> _Exercise brief_
Repeat only the lines below that run from the line with "и улицы Октябрьской." to the line with "เมืองอูจิ สวรรค์คนรักชาเขียว", ends included; skip every picture.

> _Source data_

****************************************

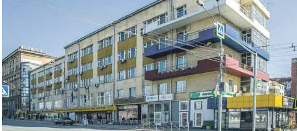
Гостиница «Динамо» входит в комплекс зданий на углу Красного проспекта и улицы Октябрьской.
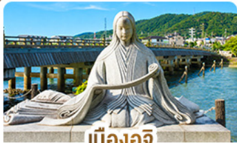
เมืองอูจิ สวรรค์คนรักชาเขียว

****************************************

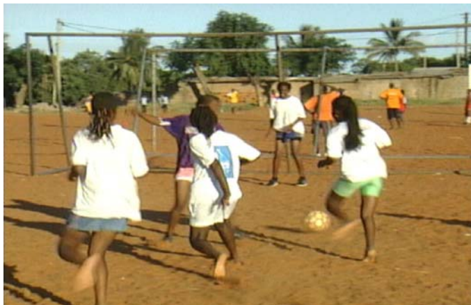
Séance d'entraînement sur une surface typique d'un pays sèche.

****************************************

> _Solution below_
Гостиница «Динамо» входит в комплекс зданий на углу Красного проспекта и улицы Октябрьской.
เมืองอูจิ สวรรค์คนรักชาเขียว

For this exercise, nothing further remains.